__REQUIREMENT__:
Shown below are entries with pictures; the line with "Индийский чай, сгущёнка, печенье, леденец" through the line with "Підберіть пакувальну картонну" is the span to retype exactly, and the pictures stay out.

__TASK DATA__:
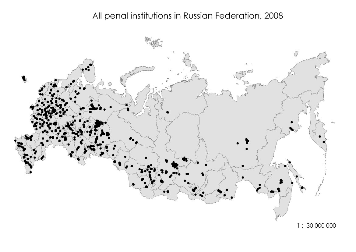 - Distribution of penal institutions in Krasnoyarskyi kray
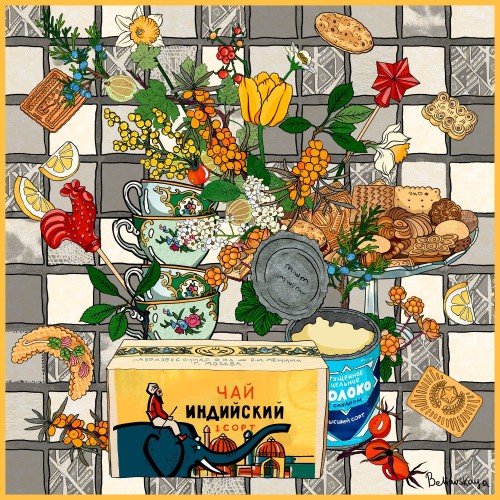 Индийский чай, сгущёнка, печенье, леденец «Петушок на палочке» – продукты, вызывающие ассоциации с домашним теплом и традиционными угощениями.
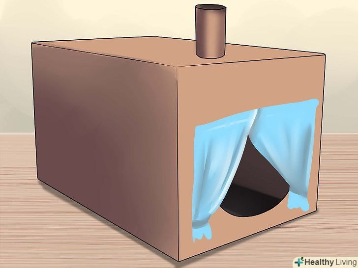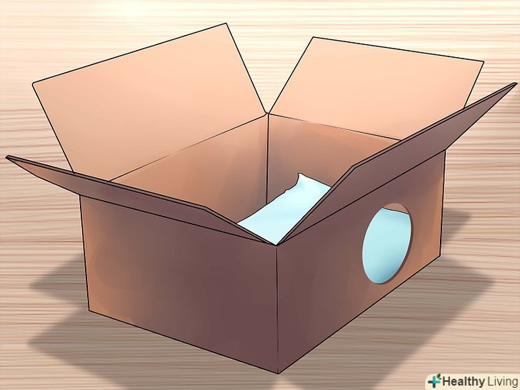 Підберіть пакувальну картонну коробку, відповідного для кішки розміру і форми. кішки більш чутливі до холоду, ніж люди, тому картонний будиночок допоможе кішці залишатися в теплі, забезпечивши їй ізоляцію від холоду, і подарує безпечний простір, в якому вона зможе ховатися і відпочивати. В даний час картонні коробки можна придбати в різних кольорах, з різноманітними принтами, в вінтажному або сучасному стилі. Все це дозволяє зробити свій індивідуальний вибір, найкращим чином підходить до декору вашого будинку. В якості альтернативи завжди можна скористатися звичайною пакувальною коробкою від якого-небудь товару.- Виготовлення картонного будиночка стане відмінним проектом для спільного виконання з дітьми, коли через дощ у них немає можливості погуляти, а саму вашу кішку тягне в сон.
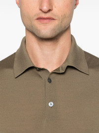 wool polo shirt Highlights - Sage green - Wool - Fine knit - Front button placket - Polo collar - Long sleeves - Ribbed cuffs and hem Made in Italy Composition Wool 100% SIZE & FIT Model measurements Height 6 ft 2 in(1.87 m) Bust/Chest 37.79 in(96 cm) Hips 37.79 in(96 cm) Waist 30.31 in(77 cm) Measurement CHEST 40.15 in(102 cm) SLEEVE LENGTH 25.19 in(64 cm) FittingInformation Designed for a relaxed fit, this polo shirt offers comfort and movement The ribbed hem offers a close, comfortable fit Made with a midweight knit, this piece offers some stretch
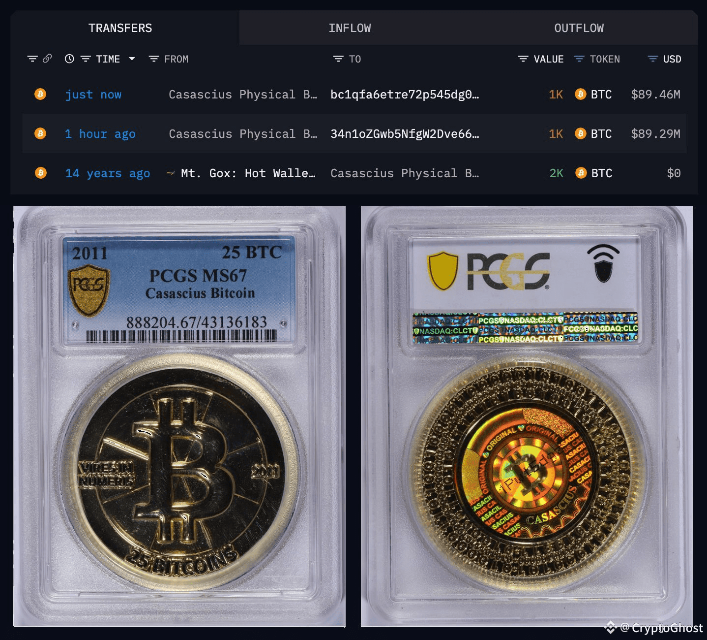 On December 5-6, 2025, two ultra-rare Casascius physical Bitcoin coins each loaded with 1,000 BTC finally cracked open after 13-14 years of dormancy.
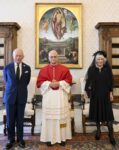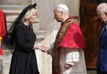 Here are more photos from King Charles and Queen Camilla’s visit to the Vatican yesterday. I’ll give Cam some credit: if she hadn’t worn that absolutely bonkers headpiece, the meeting and photos would not have gotten this much attention. I believe people were shocked by Camilla’s headpiece, honestly. I’ve looked it up – while it’s traditional for non-Catholic queens to wear a mantilla – the black veil and/or head-covering – it’s not traditional for any queen to wear the veil with this kind of large headpiece. Certainly not with a headpiece which resembles a gothic crown of crows. I’ll give Camilla some credit for it though – it’s metal as f–k. I just don’t think she intended to look so metal. Here are some additional details about Camilla’s goth look:
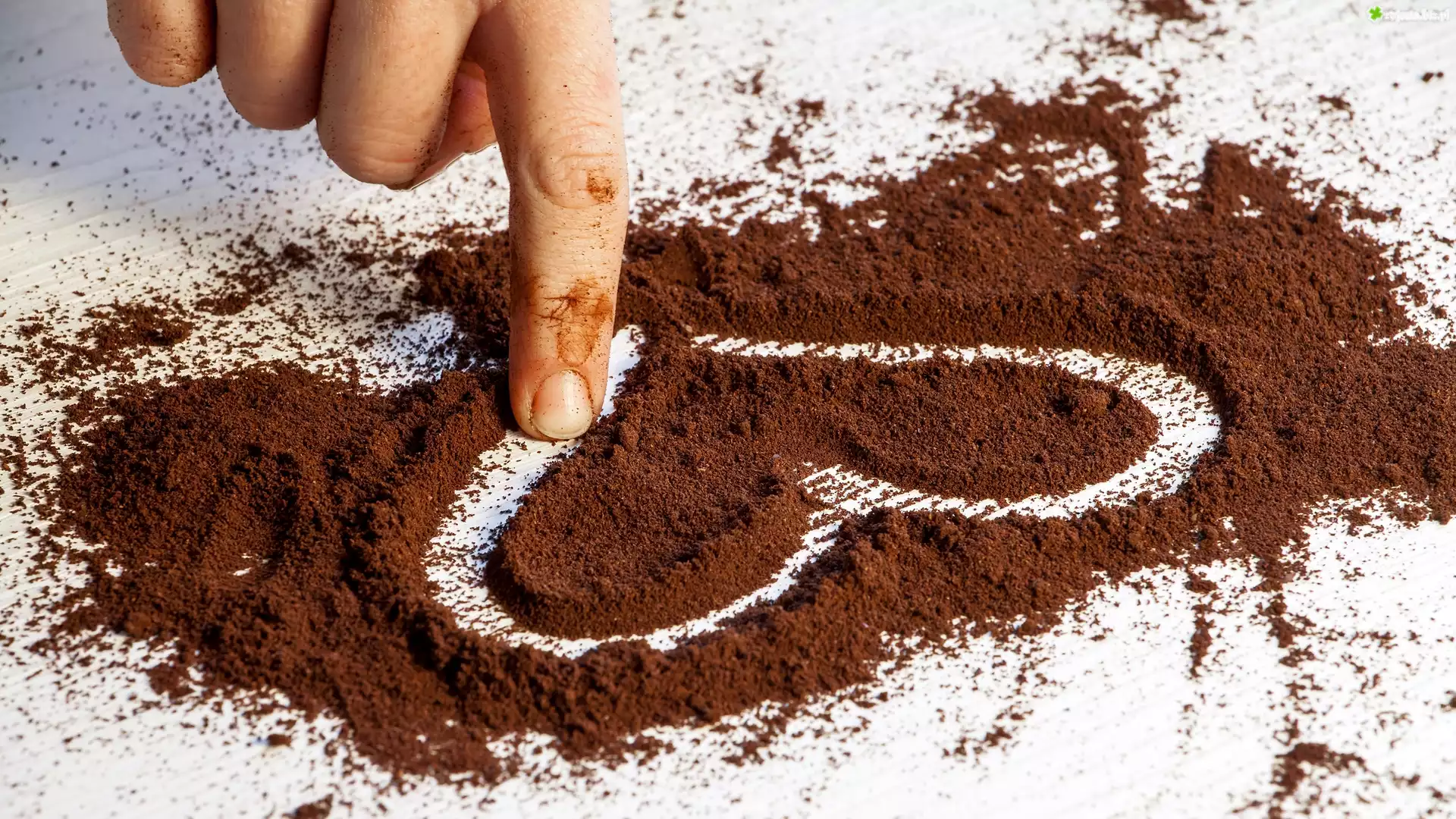Zdjęcie, Miłość, Serce, Kawa, Rozsypana, Deski, Białe, Palec
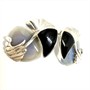 Výrazné, větší náušnice se zapínáním na puzetu. Zdobeno chalcedonem a černým onyxem. Stříbro ryzosti 925/1000. Celková váha 10,50 g. Rozměry cca 2,5 x 2 cm. Originální náušnice nesoucí přírodní motiv v perfektním stavu.
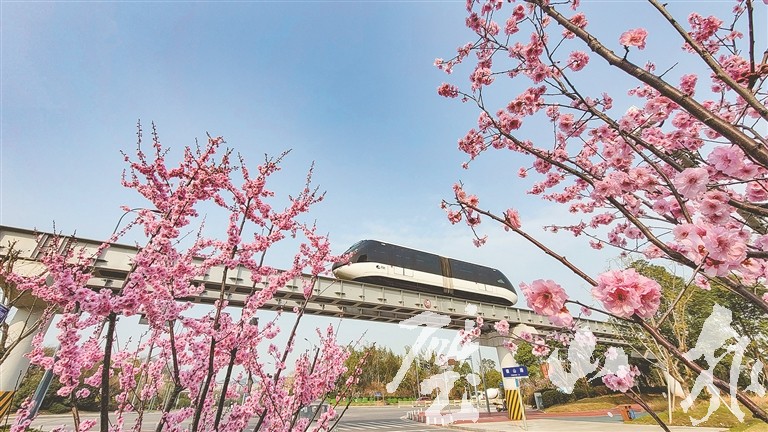 2月28日,一辆云巴从绽放的花海驶过。连日来的暖阳赶走了料峭春寒,璧山各大公园、街道、乡村随处可见竞相争艳的鲜花,花红如火、蕊黄如焰,为城市增添不少靓丽色彩。(记者 曾清龙 摄)
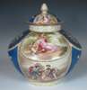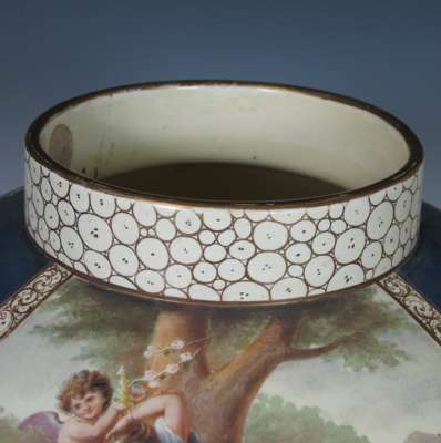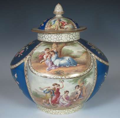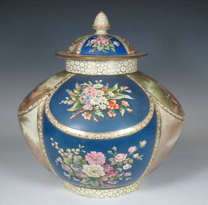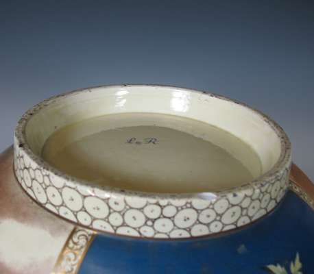 the lobed globular body decorated with opposing panels of figural scenes, on a blue ground decorated with foliate motifs, painted mark 'L & R' to base

__EXERCISE OUTPUT__:
 Индийский чай, сгущёнка, печенье, леденец «Петушок на палочке» – продукты, вызывающие ассоциации с домашним теплом и традиционными угощениями.
 Підберіть пакувальну картонну коробку, відповідного для кішки розміру і форми. кішки більш чутливі до холоду, ніж люди, тому картонний будиночок допоможе кішці залишатися в теплі, забезпечивши їй ізоляцію від холоду, і подарує безпечний простір, в якому вона зможе ховатися і відпочивати. В даний час картонні коробки можна придбати в різних кольорах, з різноманітними принтами, в вінтажному або сучасному стилі. Все це дозволяє зробити свій індивідуальний вибір, найкращим чином підходить до декору вашого будинку. В якості альтернативи завжди можна скористатися звичайною пакувальною коробкою від якого-небудь товару.- Виготовлення картонного будиночка стане відмінним проектом для спільного виконання з дітьми, коли через дощ у них немає можливості погуляти, а саму вашу кішку тягне в сон.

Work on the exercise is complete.